Birdy and OB are just about exactly four years apart. Is it the perfect age gap? I don't know, but it really works for us. I had worried that the difference in age would be too much, that they would never play together and miss out on shared experiences. So far I am glad to have been proved wrong. Now that Birdy is fully ambulatory and into everything, they play together a surprising amount. As she still has a nap every afternoon, I can get some quality OB time in there too.
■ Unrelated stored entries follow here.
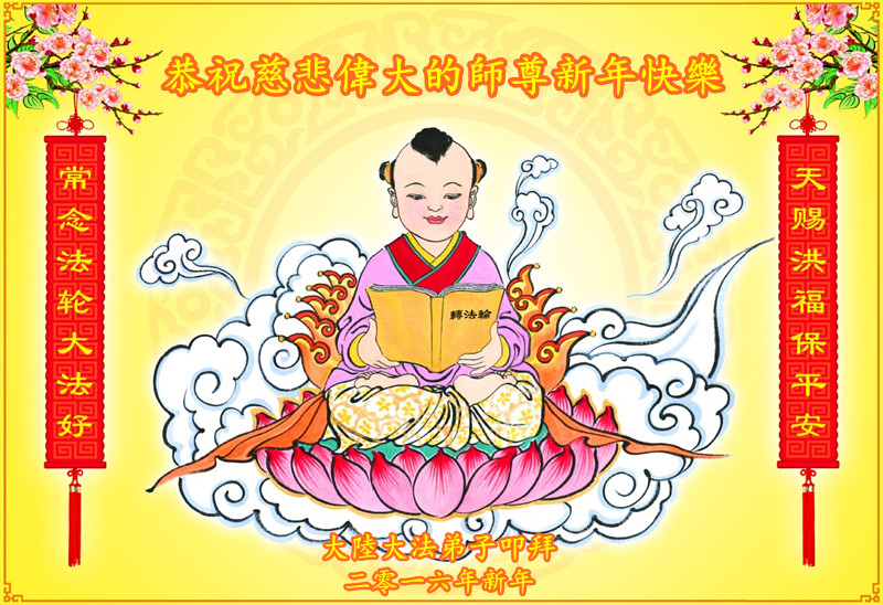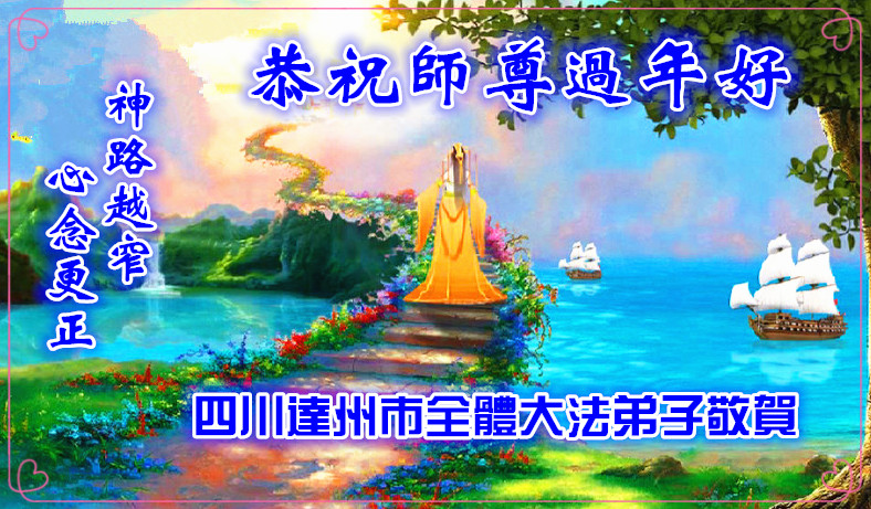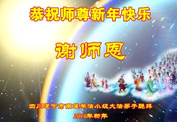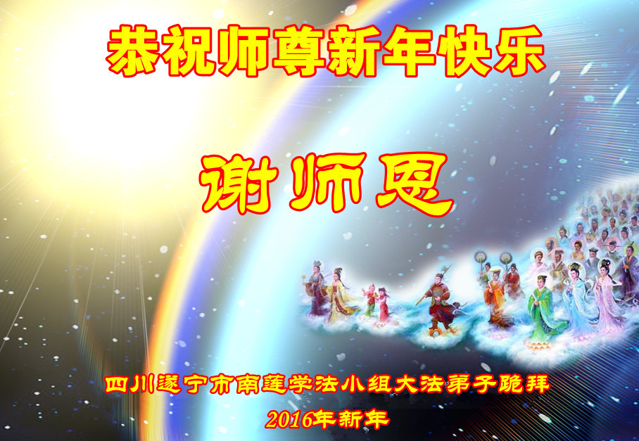我們無限感恩師尊的慈悲救度,我們一定勇猛精進,修煉如初,做好三件事,多救人,快救人,讓師尊少一份操勞,多一份欣慰!我們衷心問候師尊新年好!恭祝師尊新年快樂!
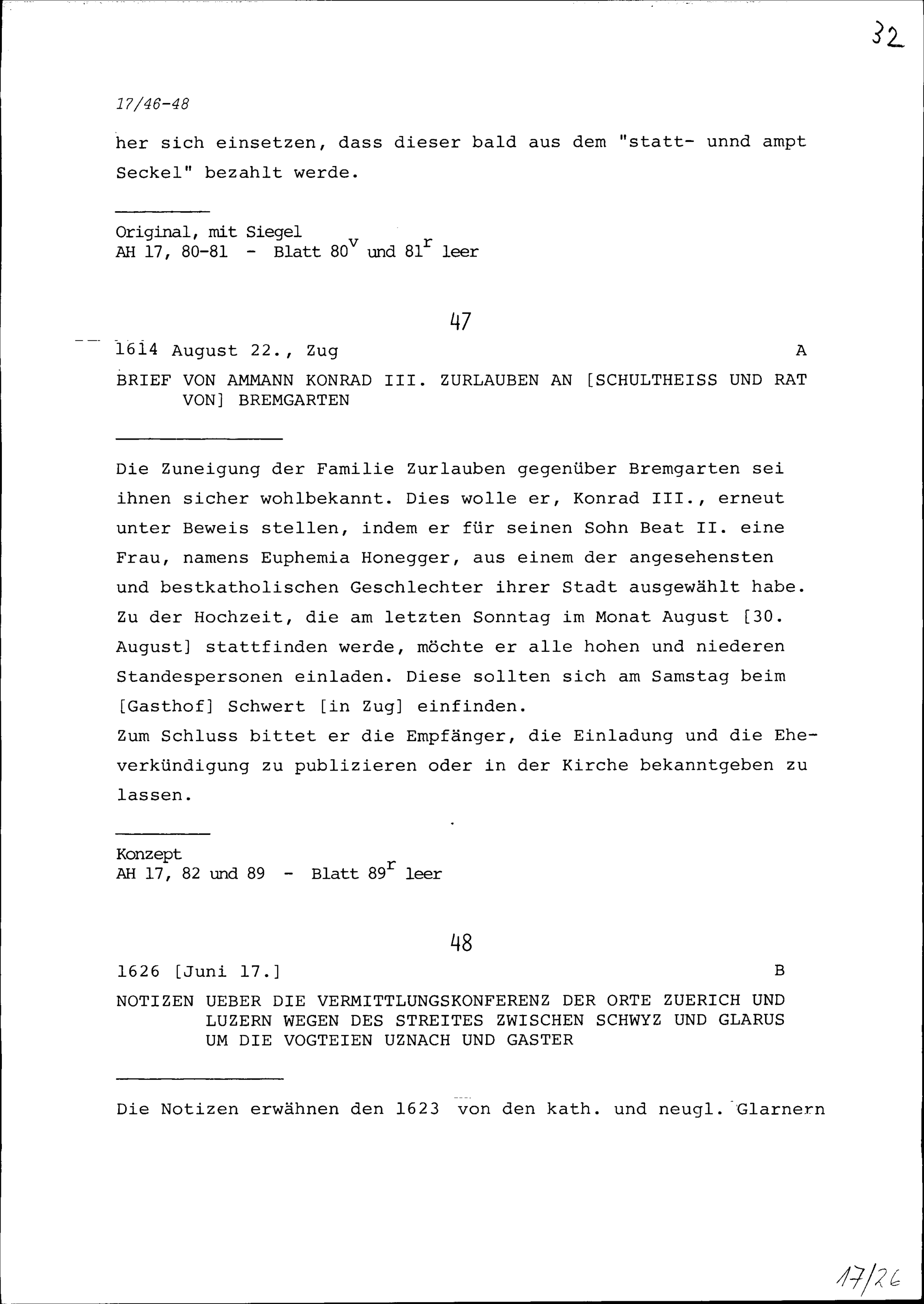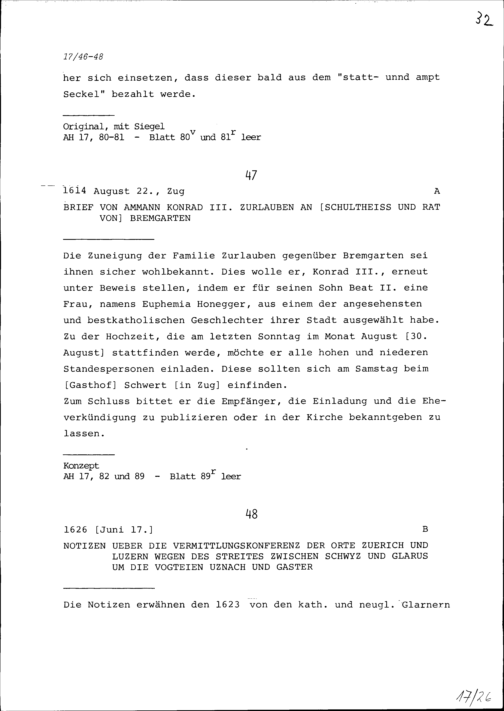Schreiben von Konrad III. Zurlauben, Ammann, an Schultheiss und Rat von Bremgarten
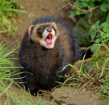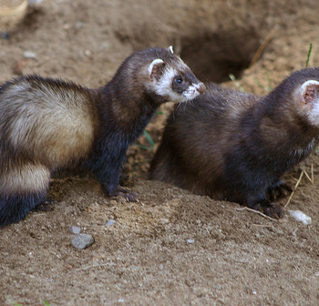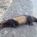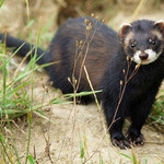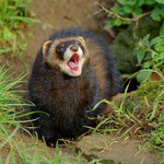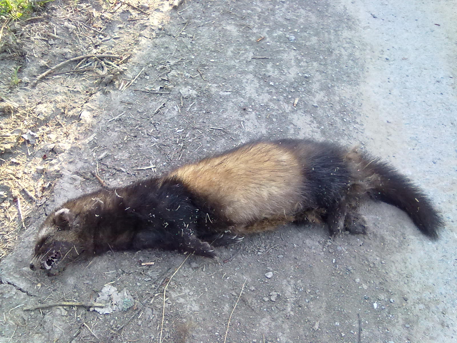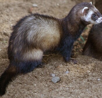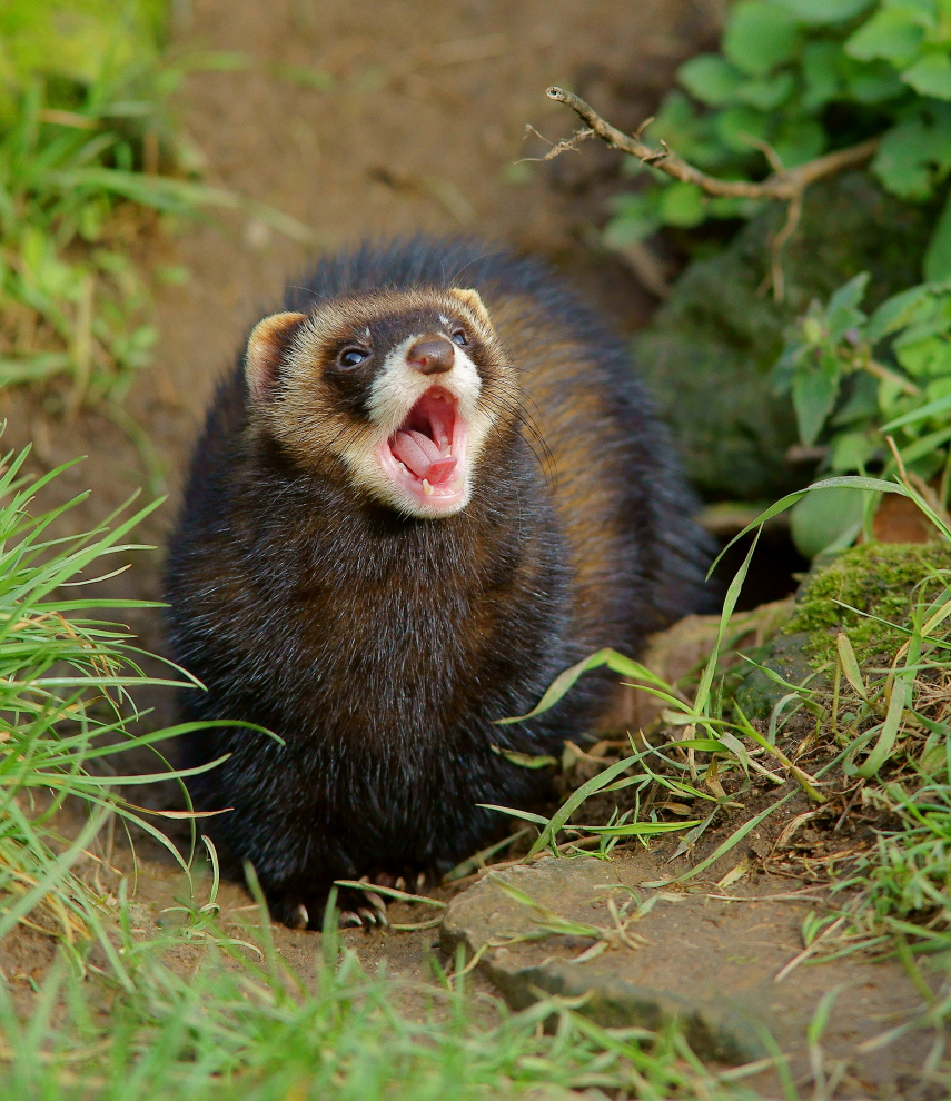 - De forse nek, keel, korte poten en staart zijn zwart-bruin
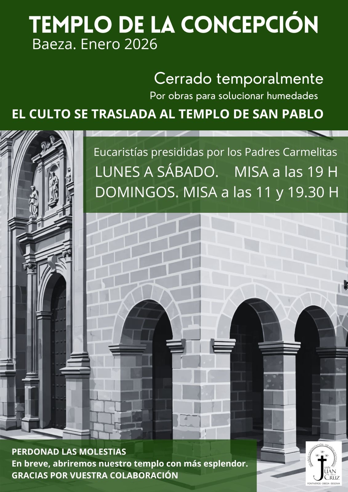 Con el deseo de no interrumpir la atención pastoral ni dejar de acompañar a las personas que habitualmente participan en la vida litúrgica de la comunidad, los Carmelitas Descalzos de Baeza, en diálogo con el párroco de la Parroquia de San Pablo —quien es, además, vicario territorial del arciprestazgo—, han acordado el traslado provisional del culto a dicho templo.
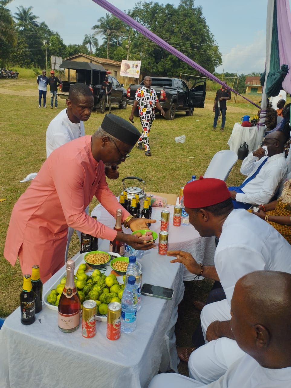After his interaction with the Royal Father, the Chairman and his entourage proceeded to Ogwu Primary School Field, where he continued his discussions with community members on development priorities.
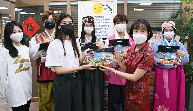 [ÅåÅå´º½º]È£³²´ëÇб³(ÃÑÀå ¹Ú»óö)´Â 9¿ù 17ÀÏ ¿ÀÀü 11½Ã 30ºÐ ±¹Á¦±³·ùó(óÀå ¼Õ¿ÏÀÌ)¿¡¼ ¿Ü±¹ÀÎ À¯Çлýµé¿¡°Ô Çѱ¹ÀüÅëÀÇ Ãß¼® À½½ÄÀÎ ¼ÛÆí°ú °úÀÏÀ» Àü´ÞÇÏ´Â ¡®¸íÀý À½½Ä ³ª´®¡¯ Çà»ç¸¦ °¡Á³´Ù.
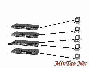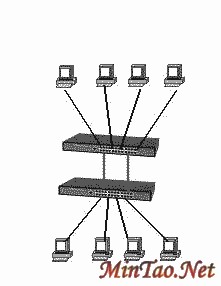 堆叠方式(图3)是通过在交换机的扩展槽上插入堆叠模块,使用专用的堆叠链路在交换机之间交换数据。堆叠后的交换机组可被看作为一台交换机,它具有更好的交换能力和更高的端口密度。需要注意的是不同厂商生产的交换机是不能堆叠在一起的。
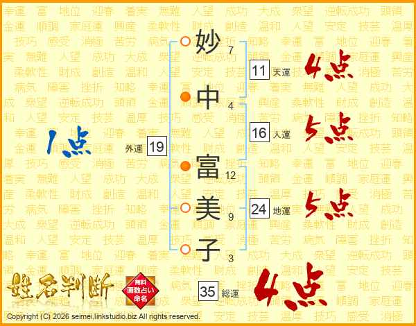 妙中富美子さんの総運は35画の4点!
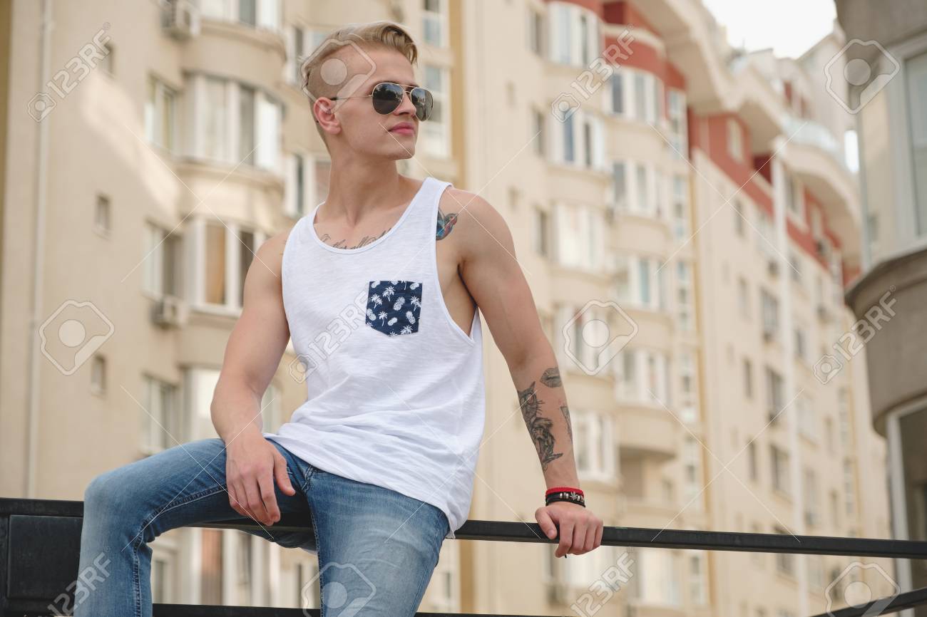 Hipster Homme Homme Beau Dans Les Vetements D Ete Elegante Dans La
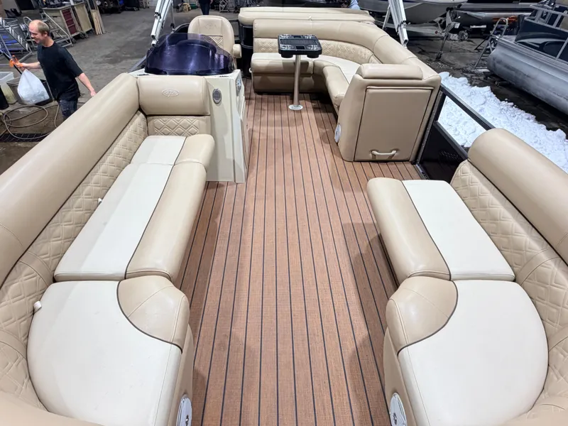 2020 Montego Bay C8520 Cruise Deluxe Pontoon with **BRAND NEW** 90HP Honda Fourstroke EFI Outboard. This cruise model pontoon features 2 couches in front along with an L couch amidships. There is a table mounted at the L couch and the front, lounge end of the couch has a flip up privacy/changing station in it. There is a sun deck behind the L couch with room for storage, a portable fuel tank, and the starting battery. The fuel tank has a divider between it and the rest of the storage. On the starboard side are the helm and captain's chair. The captain's chair is a low back sport style seat with swivel, slide and recline functions as well as fold up arm rests. There is a courtesy light on the side of the helm. The helm has a Speedometer, Tachometer, and Volt gauge. There is a Guzare Bluetooth audio stereo system. The rear entry gate leads out to a swim platform and a fold down swim ladder. There is also a swim platform on the bow of the pontoon. This Pontoon is rated for 10 people Warranty Is Included In Sale Mooring Cover Is Included Trailer Not Included But Available For Use Or Purchase $25,995 Boat World 21155 Highway 65 NE East Bethel, MN 55011 For More Used And New Pontoons Visit Us @ BoatWorldMN.com [https:\\www.boatworldmn.com] or Call (763)434-9655
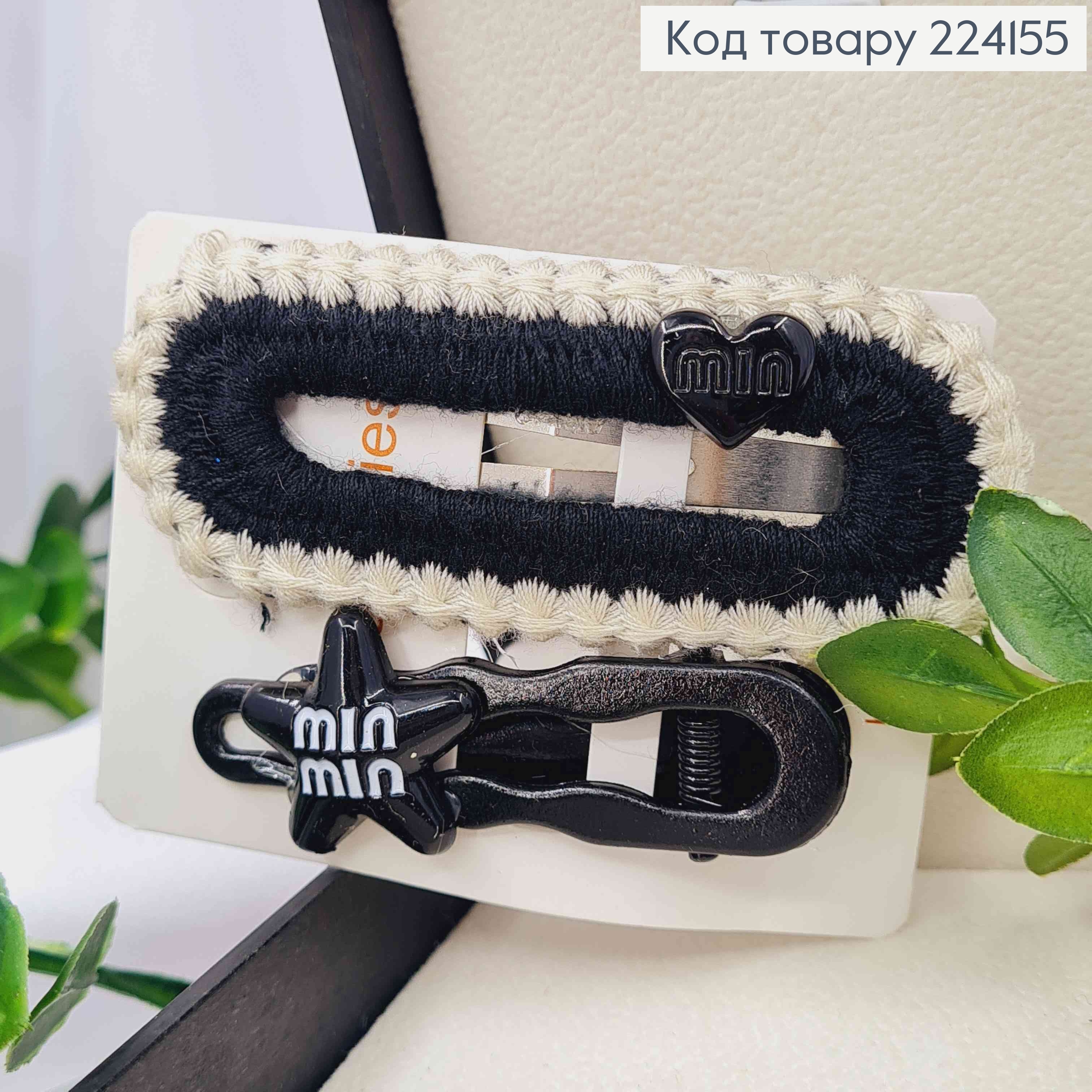 Набор заколок Тик-Так+Стрела со "Звездой и Сердцем", "MIN MIN", Черного цвета, 6+7,5см

But more than that, Birdy's adventurous character has been a real boost to OB's more timid nature. She will have a go at anything, and OB finds it easier to pluck up the courage to attempt new things if he's 'helping' her or just 'going with' her. Last time we went to CentreParcs, OB was ready to throw himself down the water slides as long as he was 'just helping' Birdy. In previous years it's taken hours of patient work to get him to even try them.

Birdy has brought out a truly caring and compassionate side to OB's character too. He knows all the food she is allergic to, and looks on cafe menus for things she is safe to eat. He looks out for her, calling me if she is hurt. He is so willing to get on her level to play silly games that have them both roaring with laughter. I couldn't ask for more.

As for Birdy, well, she looks up to her older brother, seeks him out when she doesn't know where he is, and cries for him when he is not there. She copies everything he does (sometimes I wish she didn't!) and tries so hard to play his games. Today they were building marble runs together. She was thrilled with the run that OB made for her, and he was relatively calm when she later trashed it!

It's not prescriptive, I know. My children are not birth siblings, so they don't carry shared baggage from their early experiences, which helps us. Every family set up is different. Every child is different. But I think that, although I would never have planned it this way, our four-year age gap is working out just perfect for us.

Comments

  1. I have a brother who's almost exactly 4 years older than me.

    When I was very little, I was the one who used to break all of his toys (I'm told), and I guess my brother didn't enjoy that period too much. In my teenage years, he used to push me away as I was mostly a burden imposed on him by my parents. But that changed over time, and we grew closer and closer.

    In my experience as the younger of two sibling, a 4 years gap is just the ticket. I'm sure your children will love it.